叶ってはいけない夢
叶ってはいけない夢
久々の、休み。一人でピアノを弾くことが許される時間。それも、誰の嫌味も文句も聞かずに静かな防音室で。
ずっと、弾いていたいと思う。勉強は好きじゃなかった。家庭教師の仕事も、会社で働くのだって、本当は好きじゃない。
音楽で生きていくこと。叶わぬ願いだと諦めてきた。今更だと言い聞かせてわざと楽典にも手を付けていない。引っ越してきて、夜中にこの防音室で弾く度、微かに夢を見てしまう。

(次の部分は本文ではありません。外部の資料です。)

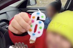 На видео сначала ребенок на иномарке подъезжает ближе к камере, открывает окно и ставит свечку с цифрой шесть в кусок торта. После чего окно закрывается, и мальчик едет дальше. Кстати, в кадр попадает еще один ребенок, сидящий на пассажирском сиденье рядом с юным водителем.

ピアノを始めたのは五歳の時。才能があると言われて気持ちよく伸びていった。
『セラちゃんの演奏は癒されるわあ』
発表会に来て、そう言ってくれる人も少なくなかった。両親が離婚してからも、ピアノは続けていた。だが幼いながらも家事を手伝ったり、働き始めたことにより練習時間は愚か、発表会やコンクールに出る余裕などなくなった。先生のところに行けるのなんて年数回。それ以上行くのは贅沢だと思った。私の趣味に、そんなお金はかけられない。それならせめてライをどこかいい学校へ。そう、思っていた。
だけど気づけば環境は変わっていた。ライは就職先が決まり、家も移り、以前ほど働かなくていい環境。日が経つに連れ感じる実感は、喜びと罪悪感をセラの元へと運んできた。
こんな中途半端になるくらいなら働いた方がいい。そう思った。
自分なりに熱心に仕上げたレポートは使い物になるだろうか。もしならなくてもお情けで置いてもらうぐらいならほかで仕事をして、レオに会えなくてもいいとすら思った。
レオは、セラの生活を変えてしまった。純粋な愛を持ってしてくれる彼の好意が有難くて、息苦しかった。